MESS (Multivariate Environmental Similarity Surface) maps quantify how similar environmental conditions at each location are to those observed in the model training data (Elith et al., 2010):

Positive values → conditions are within the range of the training data
Negative values → at least one variable falls outside the training range (i.e. extrapolation)

ExDet (Extrapolation Detection) provides a more detailed assessment by identifying both the presence and type of extrapolation (Mesgaran et al., 2014):

ExDet ≥ 0 → conditions fall within the fitted environmental space
ExDet < 0 → extrapolation into novel environmental conditions

Importantly, ExDet distinguishes between two types of environmental novelty:

NT1 (Univariate novelty) – at least one environmental variable lies outside the range observed in the training data
NT2 (Combinatorial novelty) – all variables fall within their observed ranges individually, but occur in novel combinations not represented in the training data

The mapped ExDet surface reflects the most extreme form of novelty at each location (i.e. the minimum of NT1 and NT2), highlighting where model predictions should be interpreted with caution.

Biotic Suitability

Biotic suitability reflects whether the living components of an environment can support the establishment and persistence of a threat. This includes the availability of required hosts, food sources, and habitat structure, as well as interactions with other species such as competitors, predators, or facilitators. In many cases, biotic suitability acts as a key constraint on establishment even where climatic conditions are favourable, as a species must be able to locate and utilise suitable resources to survive and reproduce.

In practice, biotic suitability is often approximated using spatial datasets that describe habitat or resource availability. Common data sources include detailed land use and vegetation maps, distributions of host species or commodities, and remotely sensed indicators such as vegetation cover or greenness. At finer spatial scales, country/region-specific datasets (e.g. high-resolution land use classifications, agricultural production layers, or host crop distributions) are particularly valuable, as they can capture the heterogeneity in habitat and resource availability that is critical for establishment.

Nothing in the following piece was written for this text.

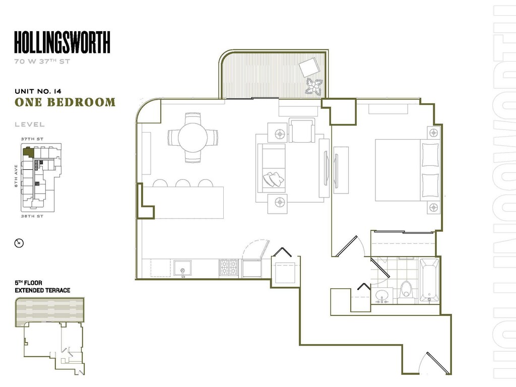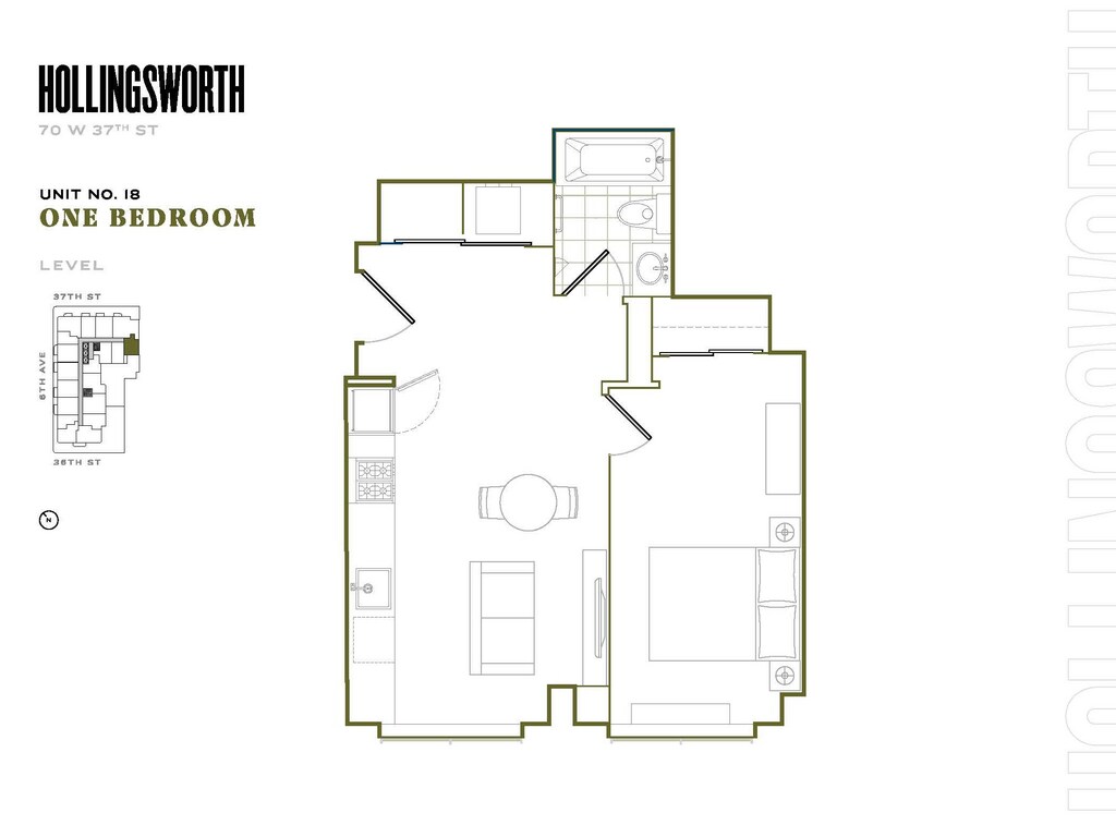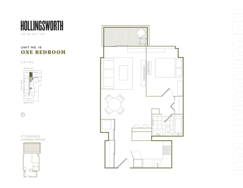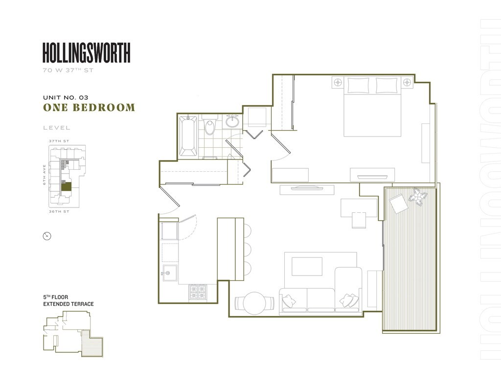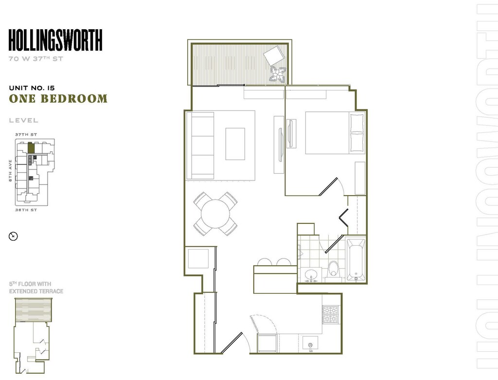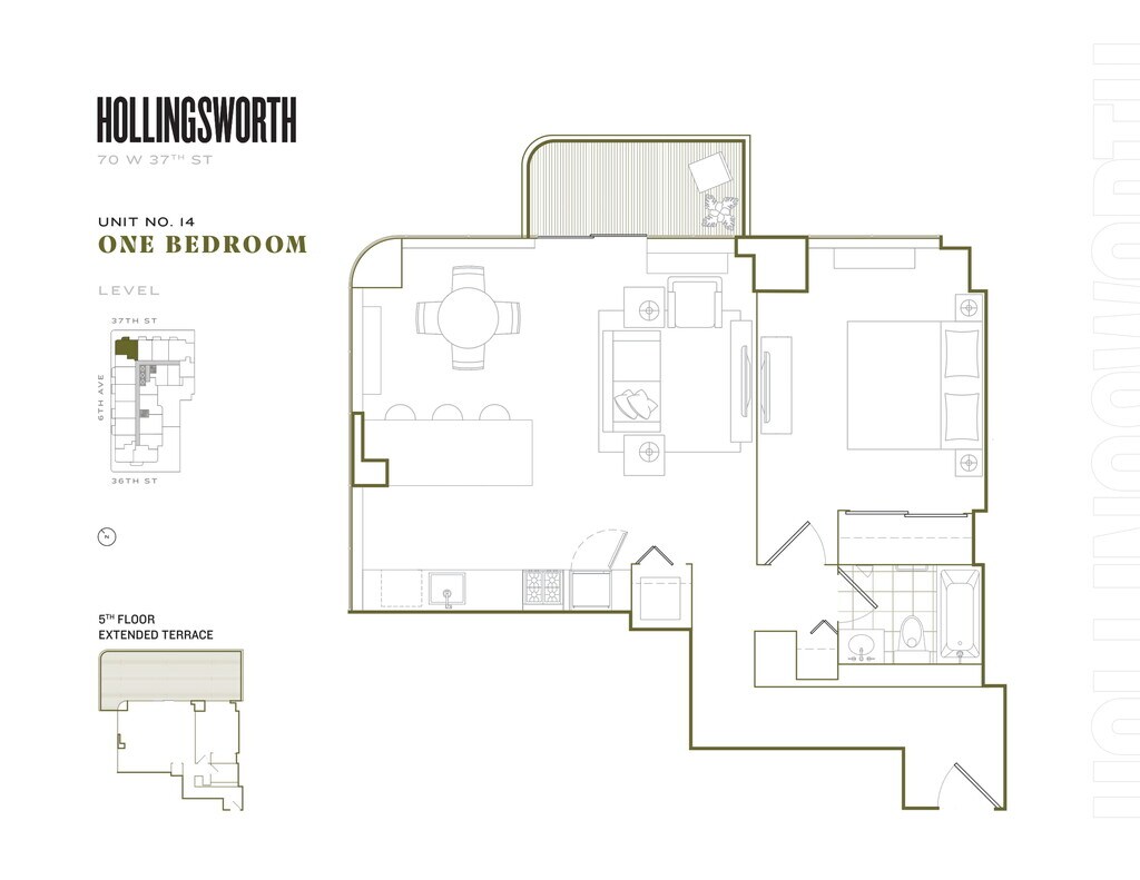 A pocas cuadras de Bryant Park, el Hollingsworth residencias querrás nada más en el centro de todo. Desde la inolvidable en la terraza de la azotea de arriba para cada amenidad de tus sueños a continuación, tu toda la emoción de Nueva York, actualizadas con un moderno estilo de vida en mente. Residencias cuidadosamente diseñadas para acomodar una cama King. Cocinas de chef profesional tienen cocinas a gas, refrigeradores y lavaplatos son de forma ordenada oculto detrás de gabinetes con paneles hechos a medida. Las cocinas también tienen gabinetes de cierre suave, encimeras de cuarzo y placa para salpicaduras de color gris, iluminación empotrada, y un amplio espacio de almacenaje. Cada residencia cuenta con lavadoras y secadoras por Bosch, con detalles de madera de roble, pisos de madera, duchas tipo lluvia y bañeras de inmersión de lujo con la mayoría de las residencias que cuenta con un espacio privado al aire libre.

Biosecurity Commons has a wealth of datasets that can be used to inform biotic suitability (especially in the Australian context). Examine our curated datasets here.

Pest Arrival and Propagule Pressure

Establishment of an invasive species requires not only suitable environmental conditions, but also the arrival of viable individuals. This is commonly described as propagule pressure—the likelihood or expected number of contamination events entering a region. Propagule pressure is widely recognised as a key determinant of establishment risk, as higher rates of arrival increase the probability that at least one introduction event results in a self-sustaining population.

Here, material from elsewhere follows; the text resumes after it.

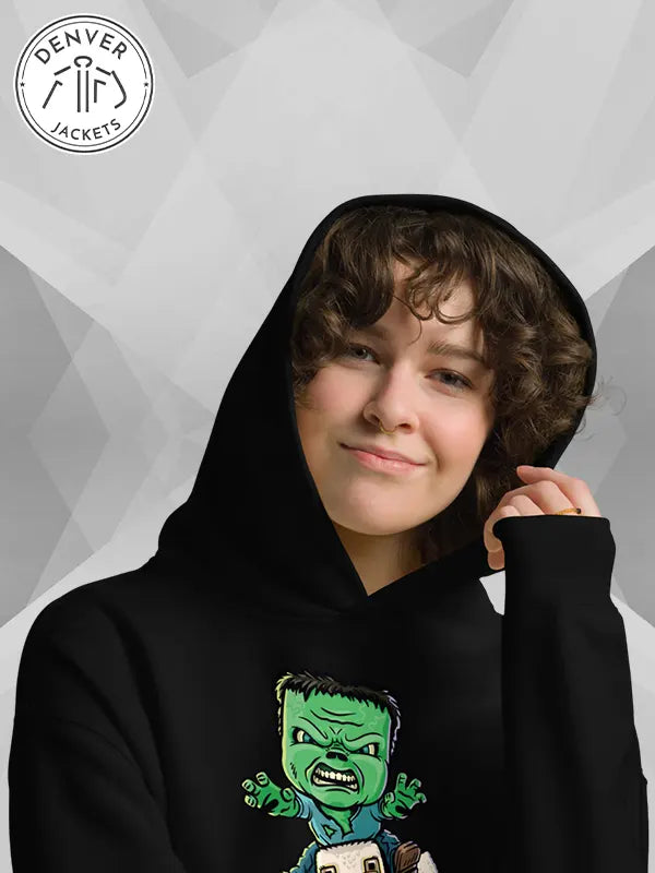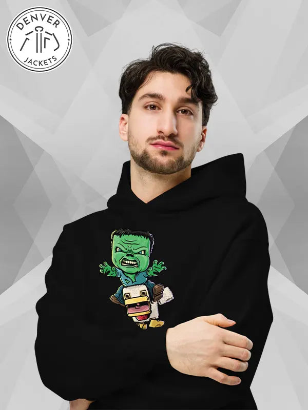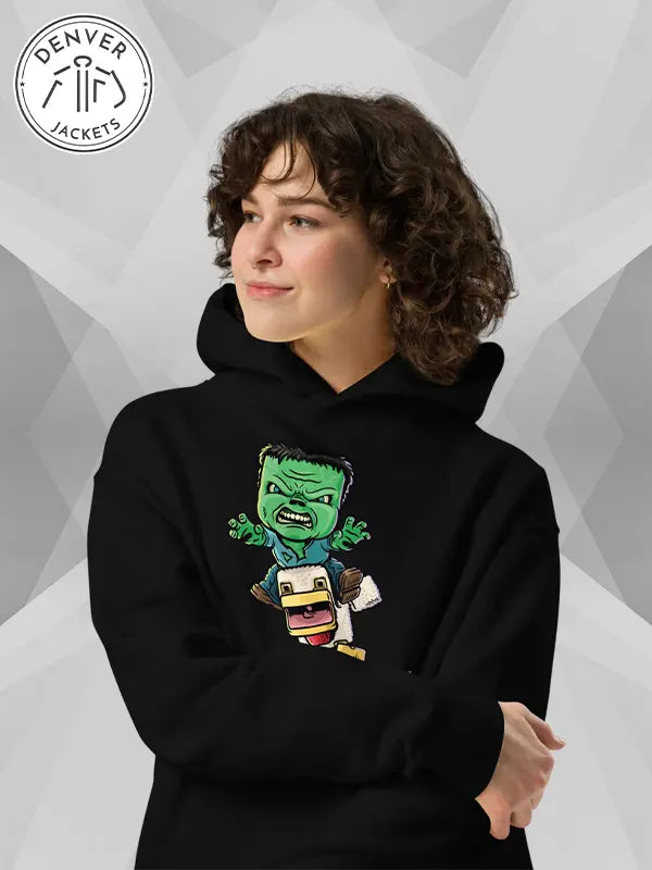 Gamers unite! Your prayer has been answered. At The Denver Jackets Store, you can now shop online for the new Unisex oversized Chicken Jockey Minecraft Hoodie Black and give yourself a glow-up like Minecraft Steve. Get it now and have it on for whenever you feel like minecraft-ing.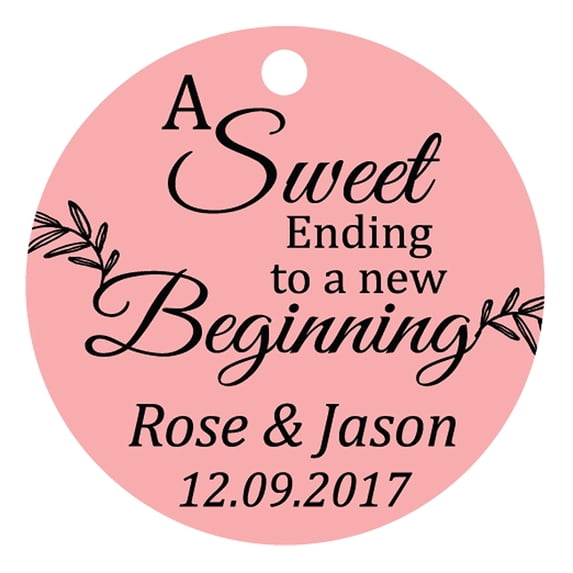100 PCS A Sweet Ending To A New Begnning Circle Hang Tags Personalized Wedding Favor Gift Tags

In biosecurity systems, propagule pressure is driven by pathways of entry (e.g. passengers, cargo, mail, or natural dispersal), and reflects both how often contamination events occur and whether those events are capable of establishing. To capture this, Biosecurity Commons represents pest arrival using two complementary components: leakage limits and viability limits.

Leakage and Viability Limits

Leakage limits describe the expected number of contamination events that bypass border controls for a given pathway. These are typically expressed as lower and upper bounds on the number of post-border leakage events per year, reflecting uncertainty in pathway risk and incorporating information from interception data (Camac et al. 2024a), pathway volume, and expert judgement (Hemming et al. 2017).

Viability limits describe the probability that a given contamination event is capable of establishing. This accounts for factors such as survival along the pathway, the size and condition of the introduced population, and whether individuals arrive in a state that allows successful establishment. Again, these limits can be informed by interception data (that assesses survivability and population sizes) and can be supplemented by expert elicitation (Hemming et al. 2017).

Within Biosecurity Commons, users specify both lower and upper bounds for leakage and viability parameters, along with an associated confidence level. This allows uncertainty in pathway risk to be explicitly represented, rather than relying on single point estimates. By defining plausible ranges and confidence, the platform can propagate this uncertainty through to estimates of arrival likelihood and establishment risk.

Together, these parameters separate two critical components of pest arrival risk:

Leakage – how often contaminated material enters the system
Viability – how likely those events are to result in a viable introduction

This distinction is important because not all pathways that contribute to leakage necessarily contribute equally to establishment risk. For example, some pathways may have relatively high leakage rates but low viability due to high mortality or small propagule sizes, resulting in a low overall contribution to establishment potential. Conversely, pathways with lower leakage but higher viability may represent a greater risk of successful establishment.

Dispersing Pathway-Specific Risk

Once propagule pressure has been estimated for each pathway, risk must be spatially distributed across the landscape. This is achieved by allocating pathway-specific arrival likelihoods to locations based on spatial weighting functions that reflect how goods, people, or natural dispersal processes move post-entry.

Distributing pathway-specific risk requires approximating how contaminated carriers (e.g. people, goods, or natural vectors) move after entering a region. Ideally, these movements would be informed by detailed empirical tracking data; however, such data are rarely available at the spatial and temporal scales required. As a result, pathway dispersal is typically approximated using a combination of available datasets and simple, interpretable weighting functions.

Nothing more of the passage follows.